By cutting out the Taliban name, EA didn’t have to change the substance of its game at all. It can consider itself lucky. Konami had to cancel its Six Days in Fallujah, a game based on real events where military contractors were burned alive in a battle in Iraq, after protests erupted. I am glad to see Medal of Honor survive long enough to make it to the real battlefield: the video game marketplace. Medal of Honor is fundamentally respectful of the sacrifices that soldiers make on the battlefield and the impossible conditions that they face. The Army really ought to consider it a recruiting tool, not a game to be reviled.

I’ve had a chance to play the first few levels of Medal of Honor and indulge in a few rounds of multiplayer combat. Yes, I played a Taliban fighter and managed to shoot an American soldier who was coming at me in a multiplayer match. I found no particular thrill in that act. Nor do I feel that it was despicable of EA to include that option in the video game. To me, it is a game. It is realistic, but it is not gratuitous. The Taliban are an integral part of the multiplayer combat. If you didn’t include them, you would have no game. If you don’t want to play them, you can back out of a multiplayer match until you get to play an American soldier.

Other games have skirted this issue of letting you play terrorists. America’s Army let you shoot enemy soldiers. But you always played an American soldier shooting at terrorists. No matter which side you were on in a multiplayer game, you always saw the enemy as terrorists. EA chose not to take that path, and now the company is dealing with the consequences of that decision.

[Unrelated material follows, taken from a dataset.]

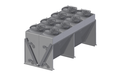 Eğimli bölümlere ve standartlaştırılmış yatay fan tertibatlarına sahip modüler V tipi soğutucu, motor/fan güç tüketiminin optimizasyonu sayesinde yer kaplamayı ve işletme maliyetlerini azaltır. Standart VFD motorlu fanlar, ünitedeki kontrol sistemine önceden kablolanmıştır. İsteğe bağlı hidrolik tahrikler de sunulmaktadır.

EA at least has a track record of making games that are respectful, not exploitative, of the soldier’s experience. The first Medal of Honor game was developed by DreamWorks Interactive and published by EA in 1999 on the PlayStation. The best game was Medal of Honor Allied Assault, which depicted the horrific landing of soldiers at Omaha Beach on D-Day during World War II. The scene in the video game was as unforgettable as the D-Day landing in the film Saving Private Ryan. But as EA pumped out sequel after sequel, the quality of the games suffered and the Call of Duty franchise surpassed it with better graphics, combat, and gritty realism.

EA stopped making the Medal of Honor games in 2007 and then rebooted the game under Riccitiello’s leadership. The new Medal of Honor game was built by EA’s Danger Close studio in Los Angeles and the multiplayer part was created by EA’s DICE studio, the maker of the Battlefield Bad Company 2 game earlier this year, in Sweden. EA’s timing was good in one sense. Activision Blizzard saw its Call of Duty studio, Infinity Ward, implode in a bunch of departures and lawsuits as Activision chief Bobby Kotick accused the Infinity Ward founders of planning to defect to EA. Dozens of developers have left Activision to join Respawn Entertainment, a new studio created by the Call of Duty creators that is likely making a game for EA. Those departures were not enough to derail Call of Duty. Activision’s second Call of Duty studio, Treyarch, is launching Black Ops this year.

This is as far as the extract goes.